Try it.
The copy you give must match the records exactly, except that it holds no images.

Records supplied.
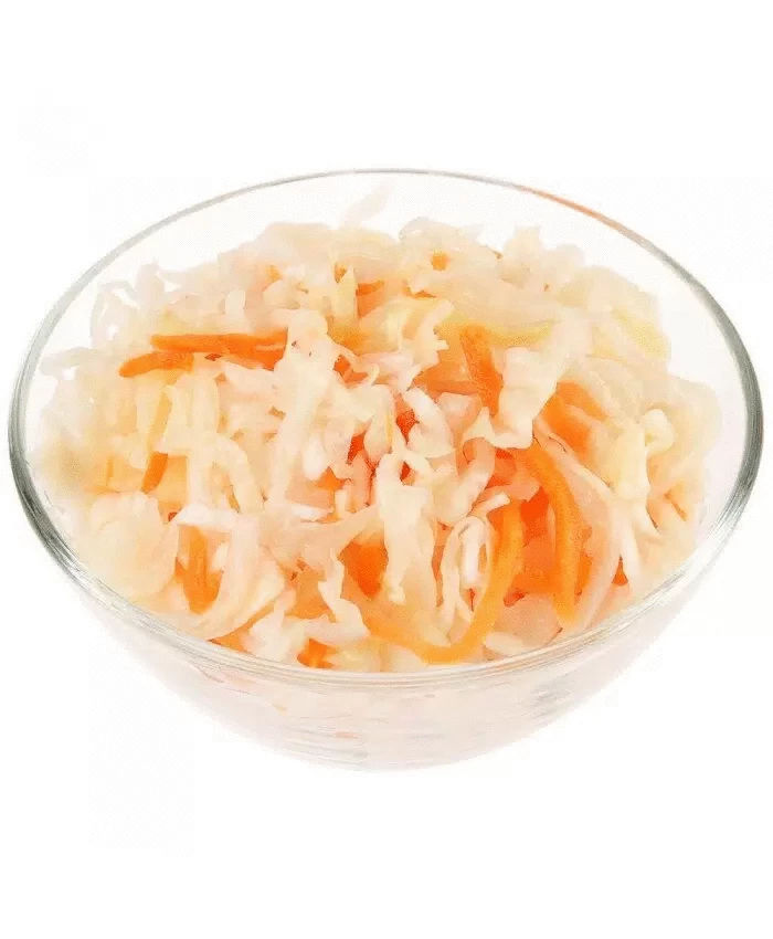 Капуста кисло-сладкая, с добавлением моркови. Расфасованная в ведра по 2 кг.
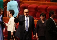 "Death comes to all mankind. It comes to the aged as they walk on faltering feet. Its summons is heard by those who have scarcely reached midway in life's journey. At times it hushes the laughter of little children," said the 84-year-old leader, considered a "prophet, seer and revelator" by the 14 million-member Church of Jesus Christ of Latter-day Saints. "But we know that death is not the end."
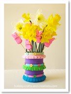 If your kids would like some easy Easter crafts to do, then this spring vase makes a great kid-friendly project. This adorable spring vase is made from craft supplies that you may already have around the house. With a little bit of felt, ribbon and some buttons, your kids can turn an ordinary tin can into a beautiful spring vase for Easter.
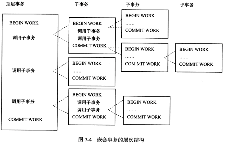 - 嵌套事务(InnoDB存储引擎并不支持)
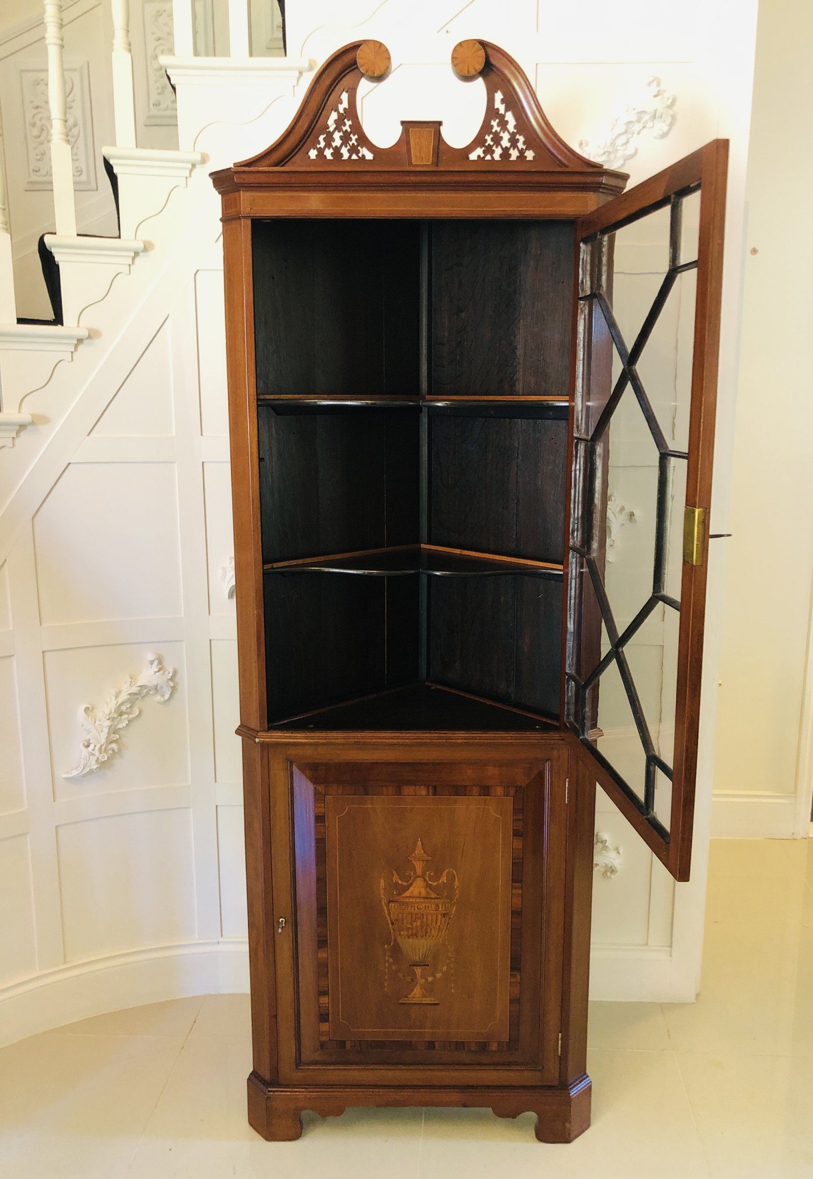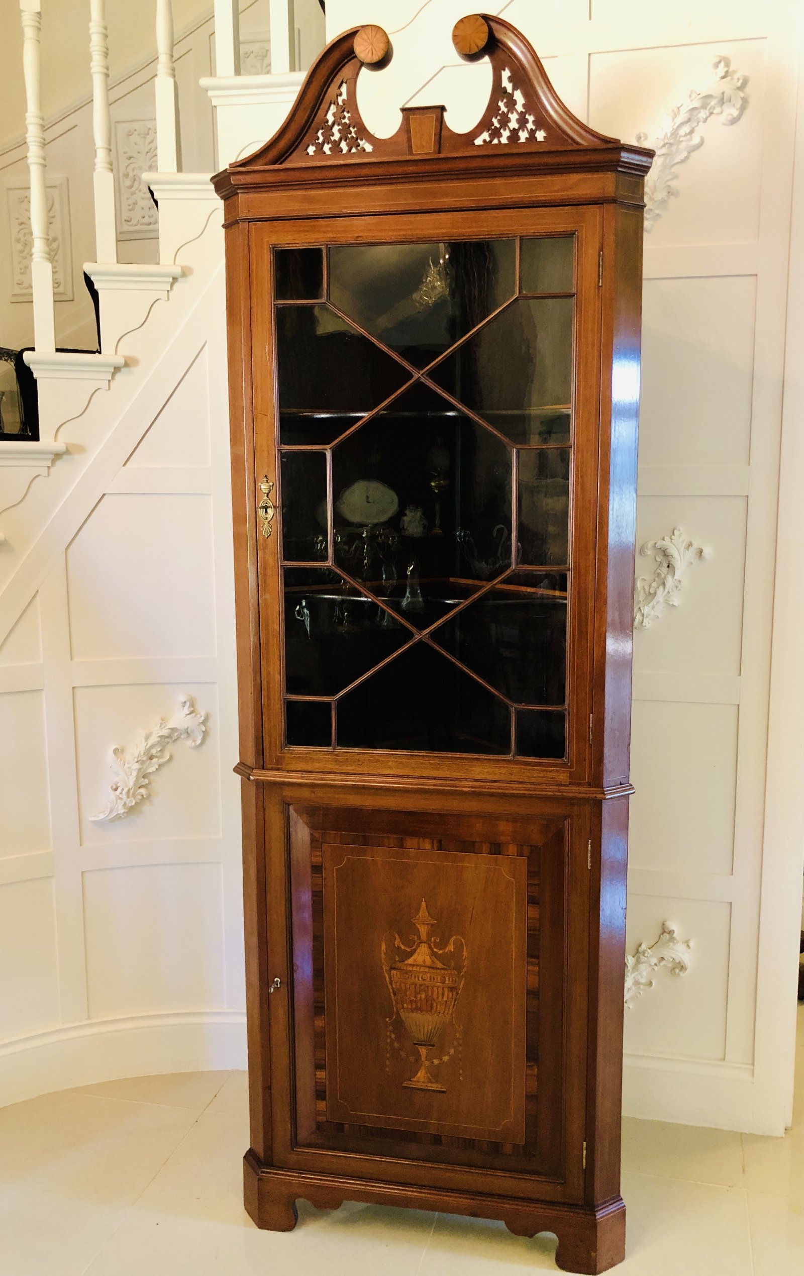 Fine quality Edwardian inlaid mahogany corner cupboard having an elegant swan neck pediment with pierced fretwork and very desirable inlay decoration, ogee shaped cornice, single glazed astragal door with boxwood stringing opening to reveal two shaped shelves, one single panelled door with a magnificent inlaid urn with harebells and swags and crossbanded in rosewood stringing. It stands on original bracket feet and comes with original keys.

Result of the exercise.
 Капуста кисло-сладкая, с добавлением моркови. Расфасованная в ведра по 2 кг.
 "Death comes to all mankind. It comes to the aged as they walk on faltering feet. Its summons is heard by those who have scarcely reached midway in life's journey. At times it hushes the laughter of little children," said the 84-year-old leader, considered a "prophet, seer and revelator" by the 14 million-member Church of Jesus Christ of Latter-day Saints. "But we know that death is not the end."
 If your kids would like some easy Easter crafts to do, then this spring vase makes a great kid-friendly project. This adorable spring vase is made from craft supplies that you may already have around the house. With a little bit of felt, ribbon and some buttons, your kids can turn an ordinary tin can into a beautiful spring vase for Easter.
 - 嵌套事务(InnoDB存储引擎并不支持)
 Fine quality Edwardian inlaid mahogany corner cupboard having an elegant swan neck pediment with pierced fretwork and very desirable inlay decoration, ogee shaped cornice, single glazed astragal door with boxwood stringing opening to reveal two shaped shelves, one single panelled door with a magnificent inlaid urn with harebells and swags and crossbanded in rosewood stringing. It stands on original bracket feet and comes with original keys.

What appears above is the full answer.